On Wednesday, Rush Limbaugh, who has no children and is currently on his fourth wife, decided it would be a good idea to slap the “prostitute” label on a young woman who recently testified before Congress on the need for healthcare plans to cover contraception. One day later, the Senate barely defeated a bill that would allow employers and insurers to avoid covering birth control. Most defended the bill on the grounds of “religious freedom” — but Limbaugh’s stone-age utterings may have given the game away.
Sandra Fluke is a law student at Georgetown University who told Congress that rolling back Obama’s policy — which ensures coverage for birth control under any plan — would make birth control unaffordable for many women, including women who need to take it to treat ovarian cancer. Her appearance caused a stir because she only appeared after Democrats walked out of a Republican hearing on the contraception policy that included zero women.
Limbaugh shared his thoughts on Wednesday:
What does it say about the college co-ed Sandra Fluke, who goes before a congressional committee and essentially says that she must be paid to have sex? What does that make her? … It makes her a slut, right? It makes her a prostitute. She wants to be paid to have sex. She’s having so much sex she can’t afford the contraception. She wants you and me and the taxpayers to pay her to have sex. What does that make us? We’re the pimps.
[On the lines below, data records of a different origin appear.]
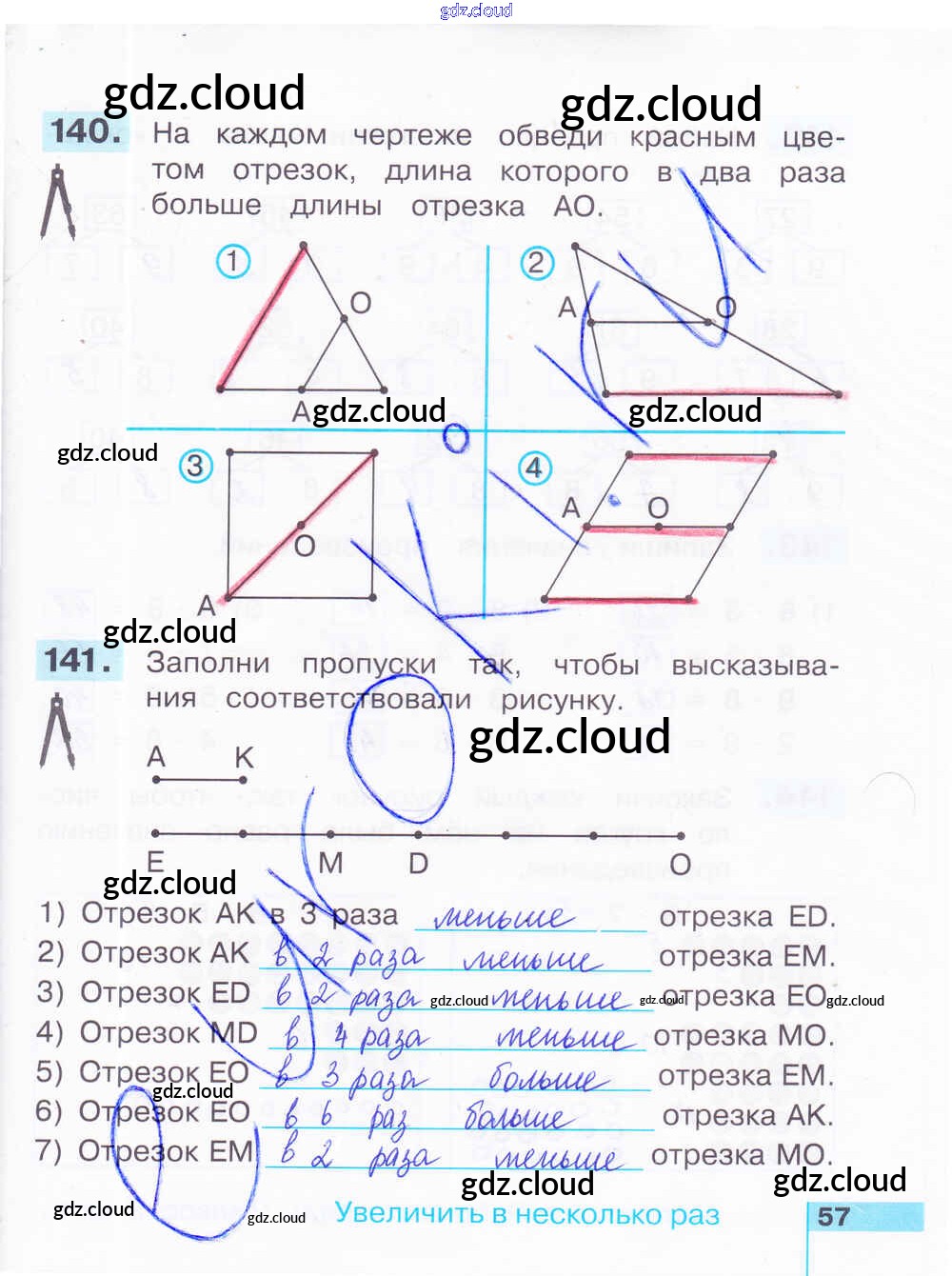Ответ на задание 57 Рабочая тетрадь Математика за 2 (второй) класс Истомина, Редько 2016 Часть 1, 2
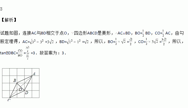 如图,网格中的四个格点组成菱形ABCD,则tan∠DBC的值为___________ .
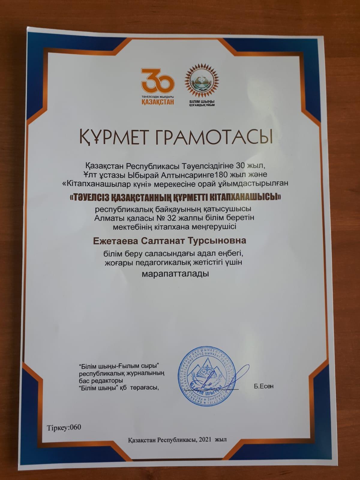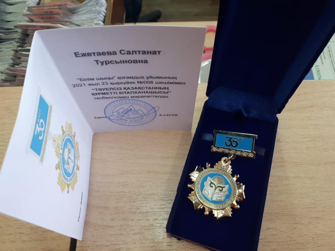 Мектебіміздің кітапханашысы Ежетаева Салтанат Тұрсыновна республикалық "Тәуелсіз Қазақстанның құрметті кітапханашысы" байқауына қатысып, білім беру саласындағы адал еңбегі жоғары педагогикалық жетістігі үшін "Білім шыңы- Ғылым сыры" республикалық журналының құрмет грамотасымен және "Тәуелсіз Қазақстанның құрметті кітапханашысы" төсбелгісімен марапатталды. Библиотекарь нашей школы Ежетаева Салтанат Турсыновна приняла участие в республиканском конкурсе "почетный библиотекарь независимого Казахстана", где за добросовестный труд в области образования была награждена Почетной грамотой республиканского журнала "Білім шығы - Ғылым сыры" и нагрудным знаком "Почетный библиотекарь независимого Казахстана".
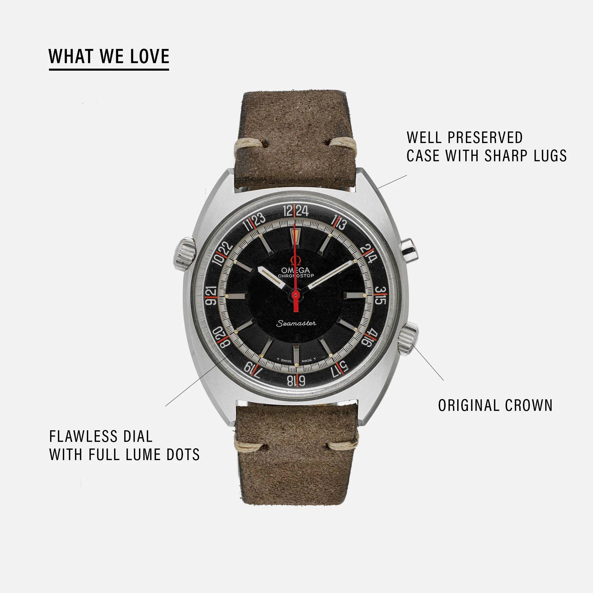 This cool Omega features the caliber 865 movement, a single-button chronograph movement initially introduced in 1966. Although the red hand appears to be the center seconds hand, it is in fact a chronograph hand dedicated to timing short events and to activate this function, you simply press the top pusher, which triggers the timer (and also resets it). In addition to this sporty function, this Omega features a rotating internal 24-hour bezel, similar to that on the Supercompressor of the same time. Not only is this tool watch incredibly functional with its sturdy stainless-steel case, black dial, and red accents, it's attractive as well. Overall, this is a super-cool Omega Chronostop that you don’t see on the market often.
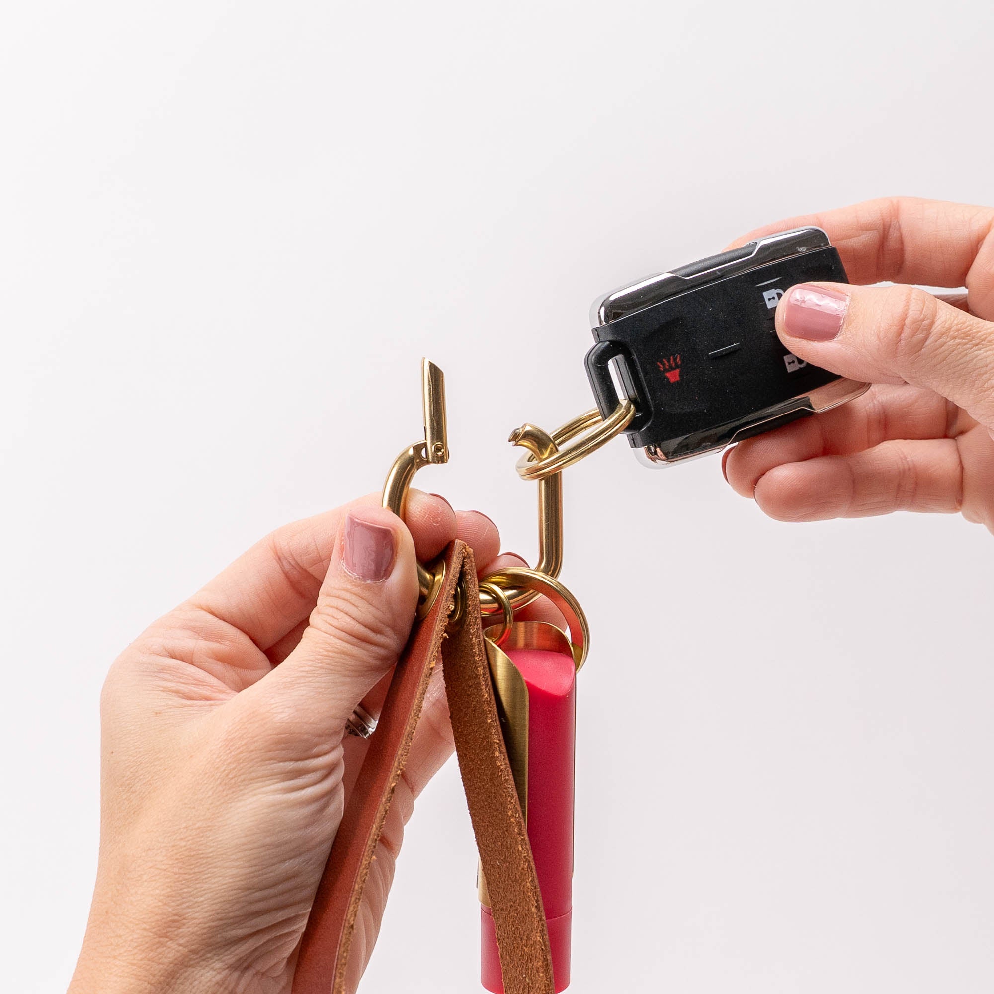 Our Signature Locking Keyring is simple and secure—pull down to swing open, add or remove your keys and fobs, then click it closed to keep everything locked in place.
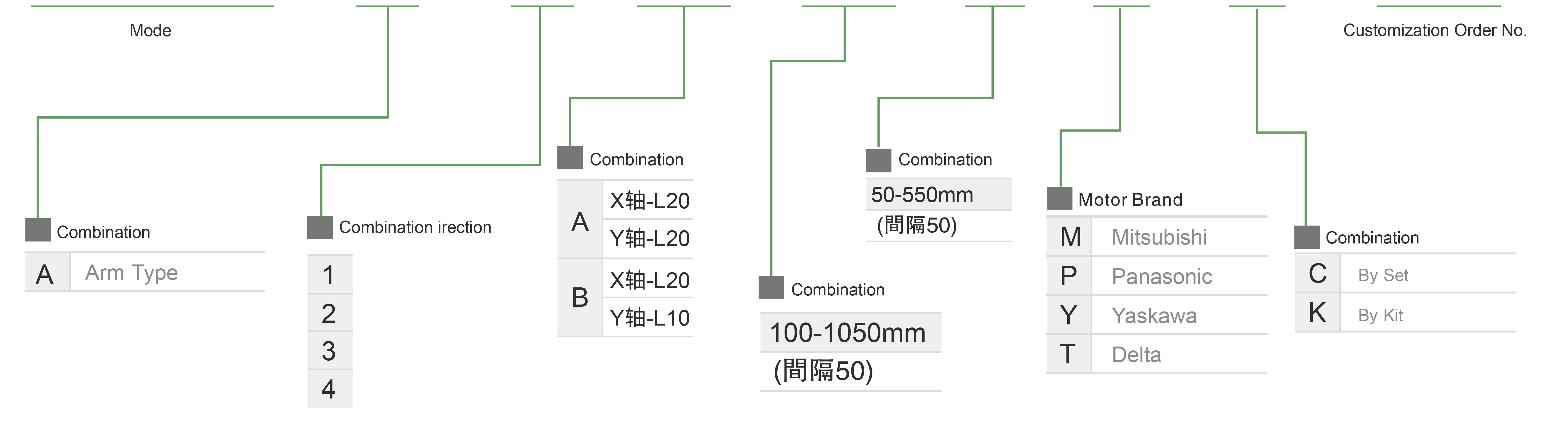 | 사용 위치 | 구동 모드 | 모델 사양 | 콤비네이션 | 축 번호 | 선두 | 최대 속도(mm/s) | 스트로크(mm) | ||||||
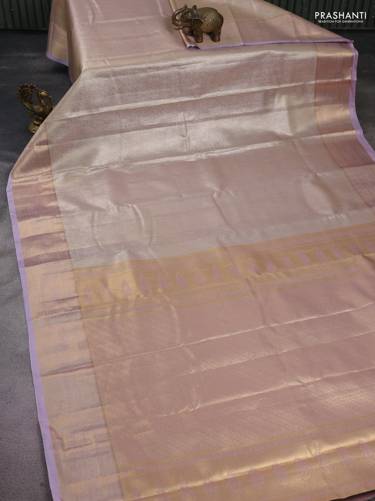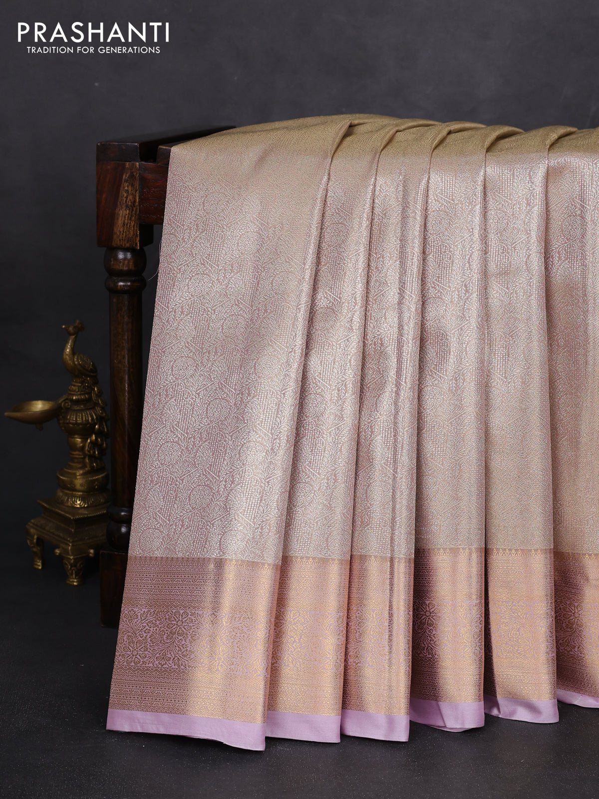 Semi kanchipuram tissue silk saree beige and lavender with allover silver zari woven brocade weaves and rich zari woven border
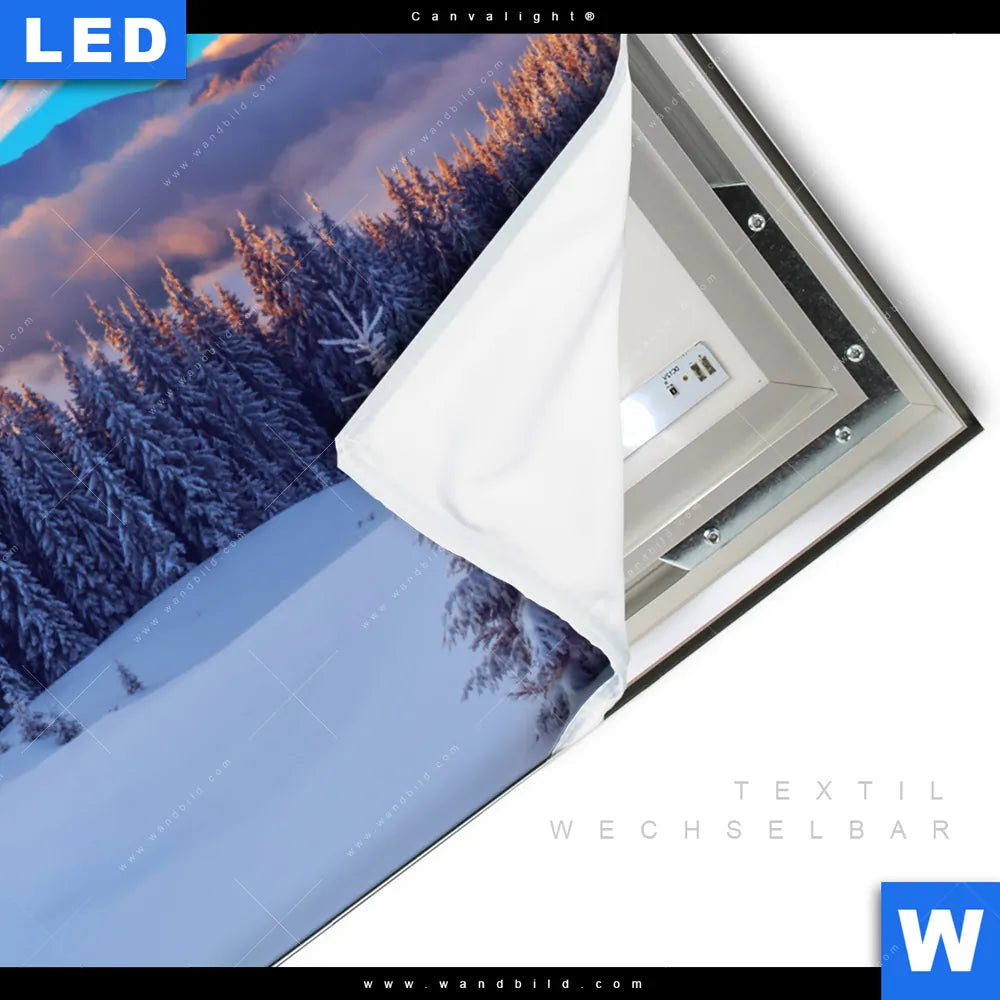 LED-Textilrahmen-Bild mit austauschbarem Landschaften, Winter Textil-Druck (Wechselbild)

This great defender of family values, who has called himself the “intellectual engine” of the conservative movement and commands a unique amount of power over the behavior of the Republicans in and out of Congress, has decided that the best way to wage a policy war is to graphically shame a woman for making a choice that many conservative women — and Limbaugh knows a lot of conservative women — also regularly make.
For whatever reason — cowardice? agreement? annoyance? — Republicans have shied from responding to a letter signed by more than than 70 Democratic representatives asking them to condemn Limbaugh’s comments. Of course, Thursday’s silence coincided with the 51-48 defeat in the Senate of an amendment by Sen. Roy Blunt (R-Missouri) and Sen. Marco Rubio (D-Florida) that would allow companies’ insurance plans to avoid covering the birth control costs (or any other procedure) of employees if there were any moral or religious objections.
Blunt told the Associated Press that the fight “won’t be over until the administration figures out how to accommodate people’s religious views at it relates to these mandates,” making it seem like the fight is for the rights of religious groups. It sounds moderate and inclusive, building an illusion of tolerance for a party that has grown increasingly hostile to any sort of reproductive health rights for women. (Maine Sen. Olympia Snowe, one of the last Republicans who was not anti-abortion, recently decided to retire because of the contraception fight, among other reasons).
Given that 60% of Catholic women supported Obama’s policy even before the newest round of fighting, one might believe that the Republicans would want to start talking about women with respect so they won’t alienate those ever-crucial suburban soccer moms in this fall’s election.
Or maybe, like college, that’s just for snobs.